EXERCISE OBJECTIVE: In the listing beneath this line, copy exactly the lines starting with the one containing "This 2 bedroom/2" and going on through the one containing "放射性废液衰变池管理系统由自".

GIVEN ENTRIES:
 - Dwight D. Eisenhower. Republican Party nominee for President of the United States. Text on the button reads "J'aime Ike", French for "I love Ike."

--

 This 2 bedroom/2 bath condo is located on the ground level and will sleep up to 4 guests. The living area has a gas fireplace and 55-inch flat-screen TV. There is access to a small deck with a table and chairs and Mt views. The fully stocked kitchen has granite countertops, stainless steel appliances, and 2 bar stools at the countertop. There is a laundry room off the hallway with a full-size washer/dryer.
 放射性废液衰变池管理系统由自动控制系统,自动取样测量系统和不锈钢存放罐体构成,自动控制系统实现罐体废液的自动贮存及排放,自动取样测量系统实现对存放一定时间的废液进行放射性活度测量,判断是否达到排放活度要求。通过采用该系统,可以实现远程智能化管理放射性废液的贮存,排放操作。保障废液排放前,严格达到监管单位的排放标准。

EXERCISE OUTPUT:
 This 2 bedroom/2 bath condo is located on the ground level and will sleep up to 4 guests. The living area has a gas fireplace and 55-inch flat-screen TV. There is access to a small deck with a table and chairs and Mt views. The fully stocked kitchen has granite countertops, stainless steel appliances, and 2 bar stools at the countertop. There is a laundry room off the hallway with a full-size washer/dryer.
 放射性废液衰变池管理系统由自动控制系统,自动取样测量系统和不锈钢存放罐体构成,自动控制系统实现罐体废液的自动贮存及排放,自动取样测量系统实现对存放一定时间的废液进行放射性活度测量,判断是否达到排放活度要求。通过采用该系统,可以实现远程智能化管理放射性废液的贮存,排放操作。保障废液排放前,严格达到监管单位的排放标准。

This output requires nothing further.